CUMHURİYETİN DEĞERLERİNİ SAVUNMAK
Kimse CHP’den sosyalist bir sınıf partisi olmasını beklemiyor. Bu gerekmiyor da… Ancak, CHP’nin kuruluş ilkelerinden birini oluşturan “devrimcilik” ise tarihin ve bu partiye gönül verenlerin beklentisi oluyor.
Kuşkusuz CHP bir kitle partisidir. Bu nedenle, bir burjuva demokratik devrimine önderlik eden ve Cumhuriyeti kuran parti olması sıfatıyla en geniş toplum kesimlerini kucaklaması gerekiyor. Dolayısıyla, dar bir sınıf ya da ilke partisi olmak yerine tutarlı bir cumhuriyetçi ve halkçı parti olması yeterli görünüyor.
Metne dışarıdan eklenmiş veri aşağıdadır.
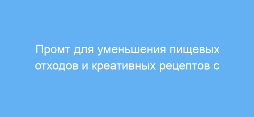 Используя этот промт, вы не только находите идеи для кулинарии из остатков и неидеальных продуктов, но и учитесь снижать пищевые отходы. Это помогает экономить деньги, уменьшать нагрузку на природу и повышать креативность на кухне.
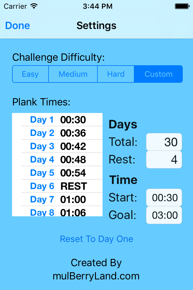 This Plank Challenge timer is designed to simplify multi-day fitness goals by automatically calculating incremental daily targets, and automatically setting the timer accordingly for each day of your challenge.

Yukarıda örnek olarak değindiğimiz imam hatip okulları konusunu biraz daha açarak ne demek istediğimi daha iyi anlatacağımı düşünüyorum:
Bu bahiste alınması gereken tutum açıktır; ihtiyaç fazlası imam hatip ve kız imam hatip okullarının (İslam’da kadınlar imam da vaiz de olamıyor) yerlerine fen ya da teknik meslek liselerinin kurulacağını cesaretle ilan etmektir. Dahası, imam hatip okullarının Milli Eğitim sisteminin dışına alınarak Diyanet’e bağlı meslek okullarına dönüştürülmesini, böylece eğitimde birlik ilkesinin yeniden sağlanacağını savunmaktır.
Bütün tarikat okulları ve yurtları ile kaçak Kuran kursları ve pansiyonlarının kapatılmasını savunmaktır. Muhalefet budur. Cumhuriyet karşıtı olmayan muhafazakar ve merkez sağ seçmenin güveni de ancak böyle sağlanır. Cumhuriyetçi sağ havzadaki yurttaşlar da bu tutuma esasından karşı çıkmayacaktır.
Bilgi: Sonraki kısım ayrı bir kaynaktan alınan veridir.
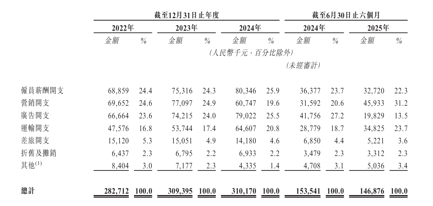 另需注意的是,溜溜果园2022年至2024年销售及经销开支居高不下,分别约为2.83亿元、3.09亿元、3.1亿元,其中广告开支分别为6666.4万元、7421.5万元、7902.2万元。2025年上半年,该公司广告开支同比有所下滑,为1982.9万元。
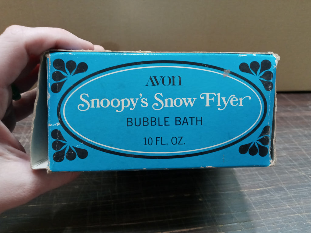 Vintage Avon Snoopy Bubble Bath Snow Flyer Bubble Bath W/Box 1972 Red Sled 10 oz
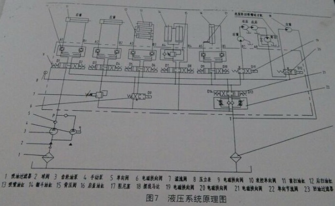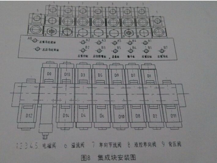 液壓系統(tǒng):液壓系統(tǒng)由液壓泵,液壓馬達(dá),液壓缸,溢流閥,節(jié)流閥,液控單向閥,背壓閥,集成塊,手動(dòng)泵,液壓油箱,連接油管等組成,其原理見圖7(圖7小雙點(diǎn)劃線方框內(nèi)選裝臥掃吸嘴時(shí)增加的元件),集成塊安裝見圖8。

SİYASAL CESARET YOKSUNLUĞU
CHP uzunca süredir cumhuriyetin başlangıç ilkeleri ve kuruluş varsayımlarına sadakat, devrimcilik, halkçılık, laiklik ve kamuculuk konusunda da açık bir tutuma sahip değildi. Dahası bu yönde bir inancı da yoktu. Belirsizlik, muğlaklık, kararsızlık ve her an geri adım atmaya hazırlıklı olmak, sanki partinin genel çizgisi haline gelmiş durumdaydı.
Örneğin; bazı partililerin kişisel tutumunu - CHP’li birçok dostumuzun doğru tutum içinde olduğunu biliyoruz- bir yana bırakırsak eğer; bu partinin özelleştirmelere, yani bu ülkenin ulusal birikimi ve halkın varlıklarının yağmalanmasına karşı mı değil mi, bilmiyoruz.
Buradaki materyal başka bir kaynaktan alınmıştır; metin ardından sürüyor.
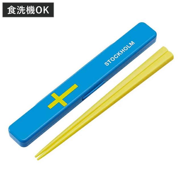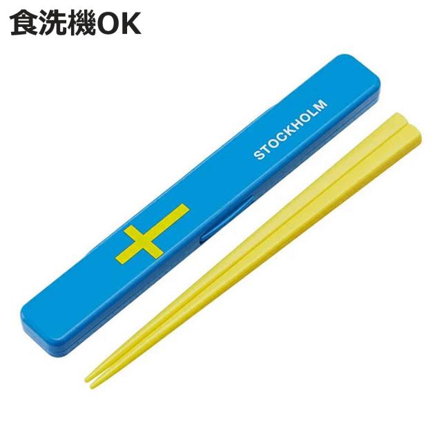 箸&箸箱セット ストックホルム 国旗 音の鳴らないクッション付き 19.5cm ( 箸 お箸 箸箱 セット 食洗機対応 大人用 日本製 食洗機OK 音が鳴らない カトラリーセット 持ち運び 携帯 カトラリー お箸セット 通勤 通学 )

Parasız eğitim ve sağlık hizmetlerinin kamusal (anayasal) bir görev olması gerektiği konusunda resmi olarak açık bir fikre sahip mi, emin değiliz. Bu anlamda bazı kamulaştırmalara gidecek mi, böyle bir politik perspektife sahip mi, kimsenin bir fikri yok. Daha kötüsü, dünya solundan habersiz olduğu anlaşılan CHP’nin böyle bir niyeti de yok! En azından son Kurultay’a kadar genel tablo bu yöndeydi.
Aynı şekilde Kürt sorunun çözümünde sorumluluk üstlenmeye cesaret edemeyen, Meclis’te temsil edilen demokratik siyaset alanındaki Kürt hareketiyle ilişki kurmaktan korkan bir CHP, bu tutumunu sürdürdüğü sürece gerçek anlamda ülkenin önünü açacak bir parti olamaz. İktidar partilerinin “terör örgütüyle ilişki kurmak” gibi hiçbir temele ve kanıta dayanmayan, kara propagandasının etkisinde kalan CHP, yasal Kürt partileriyle açık ilişki ve ittifak oluşturmak gibi girişimlerden uzak durdu.
Oysa AKP, doğrudan İmralı’da Abdullah Öcalan ile görüştüğünde bunun adını, “demokratikleşme, açılım, çözüm süreci” diye koyup, “analar ağlamasın” gibi ajitatif ifadelerle savunurken, CHP’nin demokratik Kürt partileriyle ilişki kurmaktan korkmasının hiçbir açıklaması yok. Bunlardan birine “demokratikleşme ve açılım” diğerine ise “terörle işbirliği” denilmesini elinin tersiyle itecek bir parti olmadan, gericilik ve faşizmle mücadele edilemez.